1-7. Operations and Effects
[0167]As described above, in the display device 1 according to the present embodiment, m/2×4 pixel circuits 20 to which the data potential VDATA[j] is supplied are not coupled in common to the data transfer line 17, but are divided into q pixel circuit blocks BLK[1,j] to BLK[q, j], and p×4 pixel circuits 20 included in the pixel circuit blocks BLK[k, j] are coupled to the data transfer line 18 branching off from the data transfer line 17 via four switching circuits 22. That is, p pixel circuits 20 are coupled to four data lines 12 branching off from the data transfer line 18 via four switching circuits 22. For this reason, when data is written to each pixel circuit 20, only q×4 switching circuits 22 and p pixel circuits 20 are coupled to the data transfer lines 17, and thus a load on each data transfer line 17 is reduced. Thus, according to the display device 1 of the present embodiment, each data transfer line 17 can be driven at high speed, and thus, for example, a high-definition image can be displayed.

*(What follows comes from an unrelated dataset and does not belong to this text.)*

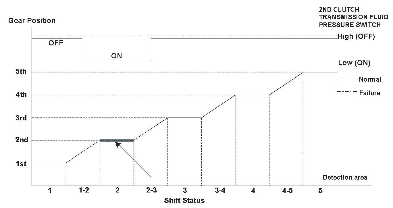 The 2nd clutch transmission fluid pressure switch is installed in the hydraulic pressure circuit to the 2nd clutch. When hydraulic pressure is supplied to the 2nd clutch, the switch is turned ON. When hydraulic pressure is not supplied to the 2nd clutch, the switch is turned OFF. The signal from the 2nd clutch transmission fluid pressure switch is input to the powertrain control module (PCM). The PCM detects the hydraulic pressure supply conditions at the gear change to 2nd gear (1st --> 2nd, 3rd --> 2nd) to reduce the shock that occurs at the gear change. If the 2nd clutch transmission fluid pressure switch is OFF while driving the vehicle with the rotation speed ratio of the input/output pulses is that of 2nd gear, the PCM detects a 2nd clutch transmission fluid pressure switch failure and stores a DTC.

[0168]For example, as described above, when m=n=3960, p=44, and q=45, 7920 pixel circuits 20 are divided into 45 pixel circuit blocks BLK[1, j] to BLK[45, j], each of which has 44 pixel circuits, and data is written to the 7920 pixel circuits 20 via one data transfer line 17. Since 4×45=180 switching circuits 22 are coupled to one data transfer line 17, these 180 switching circuits 22 become a load on the data transfer line 17 at all times. Furthermore, when data is written to each pixel circuit 20, only one of the 180 switching circuits 22 is turned on, and thus 44 pixel circuits 20 are coupled to one data transfer line 17 via the data transfer line 18. Thus, during the write period c, the 180 switching circuits 22 and the 44 pixel circuits 20 become a load on the data transfer line 17. Thus, compared to a configuration of the related art in which 3,960 pixel circuits 20 are coupled to one data transfer line 17, a load on the data transfer line 17 is reduced to approximately 1/18. When a time for one frame is approximately 16 ms, writing to 7920 pixels P for two columns is performed in the horizontal scanning period 1H, and thus the horizontal scanning period 1H is approximately 8 μs. By reducing a load on the data transfer line 17, the first write period c1, the second write period c2, the third write period c3, and the fourth write period c4 can each be realized in 1 μs in the horizontal scanning period 1H, and when 6 μs is secured as a time for the write period c, 2 μs can be secured as times for the initialization period a and the compensation period b. hus, according to the display device 1 of the present embodiment, it is possible to sufficiently display 3960×3960 pixels P during a period of one frame, and a high-definition image can be displayed on the display panel 2.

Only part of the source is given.